* Provided material:
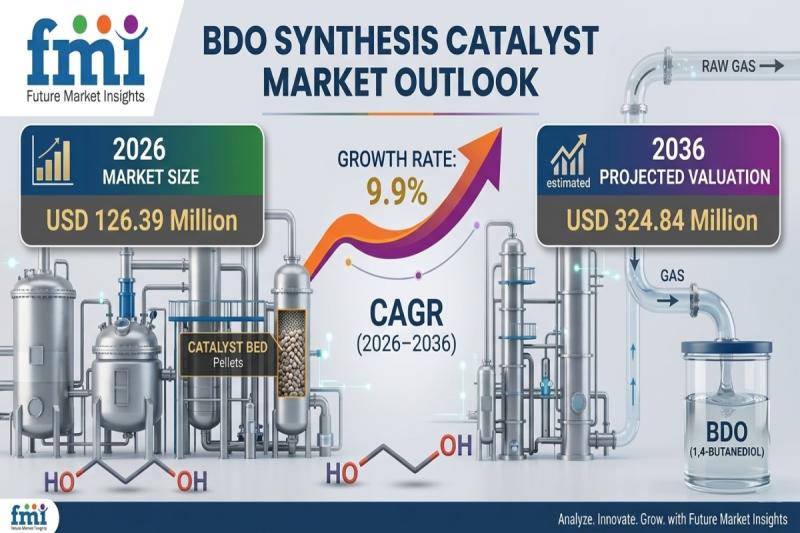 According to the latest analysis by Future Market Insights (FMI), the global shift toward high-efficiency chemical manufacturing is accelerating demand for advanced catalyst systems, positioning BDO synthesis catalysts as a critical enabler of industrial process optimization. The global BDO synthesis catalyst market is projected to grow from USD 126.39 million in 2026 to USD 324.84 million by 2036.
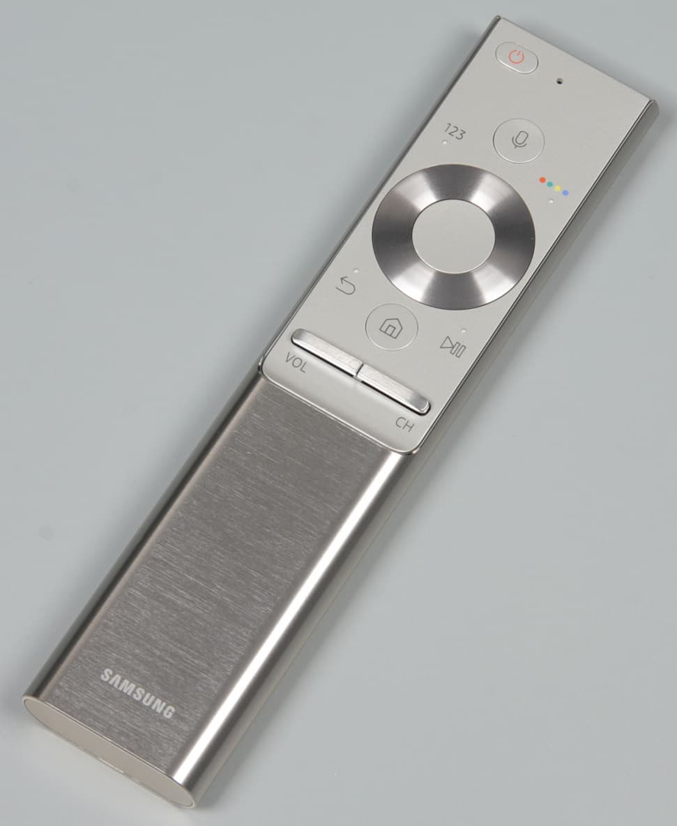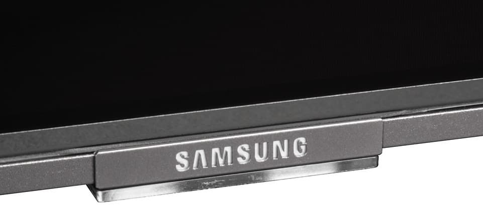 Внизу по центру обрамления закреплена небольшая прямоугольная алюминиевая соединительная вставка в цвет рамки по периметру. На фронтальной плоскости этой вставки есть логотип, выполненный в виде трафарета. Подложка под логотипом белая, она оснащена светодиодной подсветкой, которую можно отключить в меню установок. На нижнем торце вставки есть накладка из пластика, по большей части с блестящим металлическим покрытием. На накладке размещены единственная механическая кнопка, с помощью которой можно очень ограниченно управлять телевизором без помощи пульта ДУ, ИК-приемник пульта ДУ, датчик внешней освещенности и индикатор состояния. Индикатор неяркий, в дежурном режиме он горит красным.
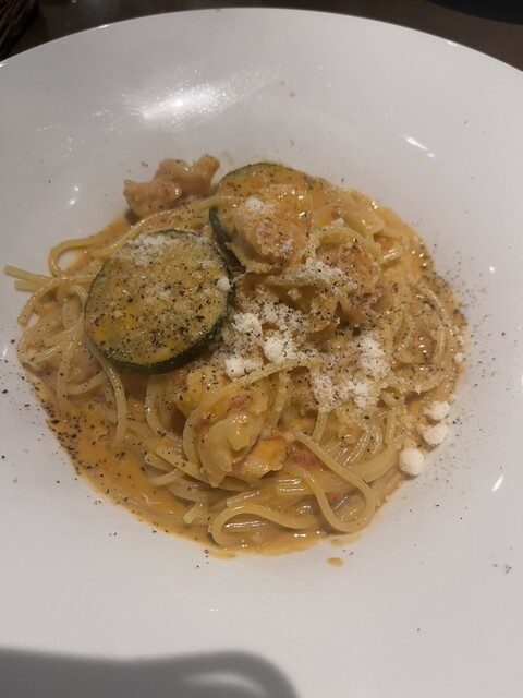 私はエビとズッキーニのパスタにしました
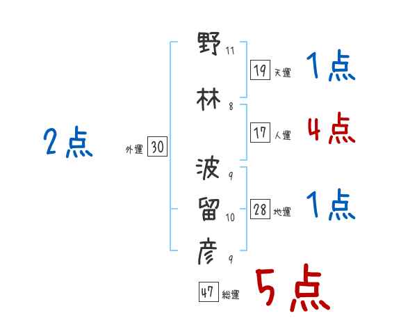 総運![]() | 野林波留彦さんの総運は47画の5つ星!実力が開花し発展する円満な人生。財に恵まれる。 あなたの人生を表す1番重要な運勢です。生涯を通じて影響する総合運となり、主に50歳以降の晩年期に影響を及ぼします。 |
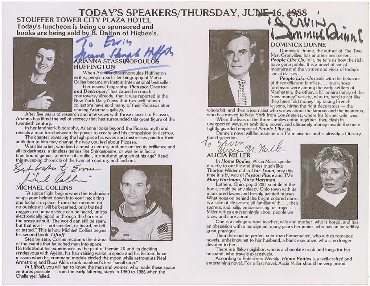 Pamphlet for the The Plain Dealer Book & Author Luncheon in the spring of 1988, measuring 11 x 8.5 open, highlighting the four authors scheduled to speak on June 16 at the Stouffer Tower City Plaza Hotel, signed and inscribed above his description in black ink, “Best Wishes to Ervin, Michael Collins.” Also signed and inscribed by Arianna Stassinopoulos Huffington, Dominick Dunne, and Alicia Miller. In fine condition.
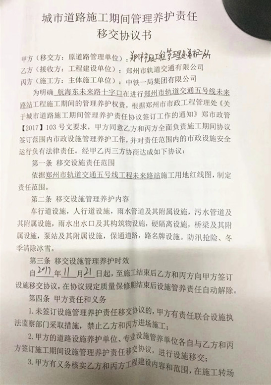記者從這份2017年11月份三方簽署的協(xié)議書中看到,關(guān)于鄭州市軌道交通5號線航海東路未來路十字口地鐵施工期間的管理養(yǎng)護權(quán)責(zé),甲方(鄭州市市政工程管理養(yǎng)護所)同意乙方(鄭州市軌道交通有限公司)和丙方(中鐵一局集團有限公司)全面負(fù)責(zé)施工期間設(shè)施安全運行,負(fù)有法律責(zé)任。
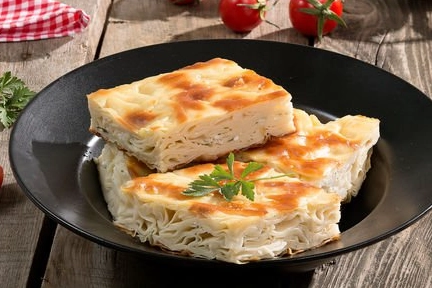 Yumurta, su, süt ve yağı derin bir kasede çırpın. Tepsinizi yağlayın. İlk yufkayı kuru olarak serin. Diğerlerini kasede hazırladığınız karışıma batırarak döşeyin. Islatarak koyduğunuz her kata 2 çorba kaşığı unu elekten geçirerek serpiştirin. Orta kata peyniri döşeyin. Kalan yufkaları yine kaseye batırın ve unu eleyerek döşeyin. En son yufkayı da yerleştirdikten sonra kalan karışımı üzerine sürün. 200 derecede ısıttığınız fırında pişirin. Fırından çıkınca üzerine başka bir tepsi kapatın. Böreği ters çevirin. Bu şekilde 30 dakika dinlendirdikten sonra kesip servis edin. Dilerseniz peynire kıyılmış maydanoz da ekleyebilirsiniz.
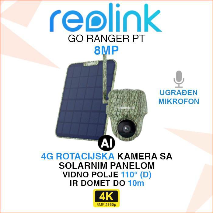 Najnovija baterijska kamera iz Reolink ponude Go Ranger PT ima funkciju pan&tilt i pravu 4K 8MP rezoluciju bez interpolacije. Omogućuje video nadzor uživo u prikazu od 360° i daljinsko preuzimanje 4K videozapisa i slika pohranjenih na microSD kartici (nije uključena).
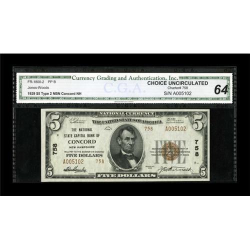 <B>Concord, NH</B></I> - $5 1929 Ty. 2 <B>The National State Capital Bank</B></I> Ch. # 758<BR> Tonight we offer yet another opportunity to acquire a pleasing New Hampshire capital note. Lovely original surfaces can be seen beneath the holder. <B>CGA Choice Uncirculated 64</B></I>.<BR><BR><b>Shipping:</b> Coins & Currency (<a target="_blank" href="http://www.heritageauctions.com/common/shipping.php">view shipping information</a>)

* Exercise goal: The reply should hold an exact repeat of the entries from their opening line through the line with "Pamphlet for the", and no pictures at all.

* Solution to this problem:
 According to the latest analysis by Future Market Insights (FMI), the global shift toward high-efficiency chemical manufacturing is accelerating demand for advanced catalyst systems, positioning BDO synthesis catalysts as a critical enabler of industrial process optimization. The global BDO synthesis catalyst market is projected to grow from USD 126.39 million in 2026 to USD 324.84 million by 2036.
 Внизу по центру обрамления закреплена небольшая прямоугольная алюминиевая соединительная вставка в цвет рамки по периметру. На фронтальной плоскости этой вставки есть логотип, выполненный в виде трафарета. Подложка под логотипом белая, она оснащена светодиодной подсветкой, которую можно отключить в меню установок. На нижнем торце вставки есть накладка из пластика, по большей части с блестящим металлическим покрытием. На накладке размещены единственная механическая кнопка, с помощью которой можно очень ограниченно управлять телевизором без помощи пульта ДУ, ИК-приемник пульта ДУ, датчик внешней освещенности и индикатор состояния. Индикатор неяркий, в дежурном режиме он горит красным.
 私はエビとズッキーニのパスタにしました
 総運![]() | 野林波留彦さんの総運は47画の5つ星!実力が開花し発展する円満な人生。財に恵まれる。 あなたの人生を表す1番重要な運勢です。生涯を通じて影響する総合運となり、主に50歳以降の晩年期に影響を及ぼします。 |
 Pamphlet for the The Plain Dealer Book & Author Luncheon in the spring of 1988, measuring 11 x 8.5 open, highlighting the four authors scheduled to speak on June 16 at the Stouffer Tower City Plaza Hotel, signed and inscribed above his description in black ink, “Best Wishes to Ervin, Michael Collins.” Also signed and inscribed by Arianna Stassinopoulos Huffington, Dominick Dunne, and Alicia Miller. In fine condition.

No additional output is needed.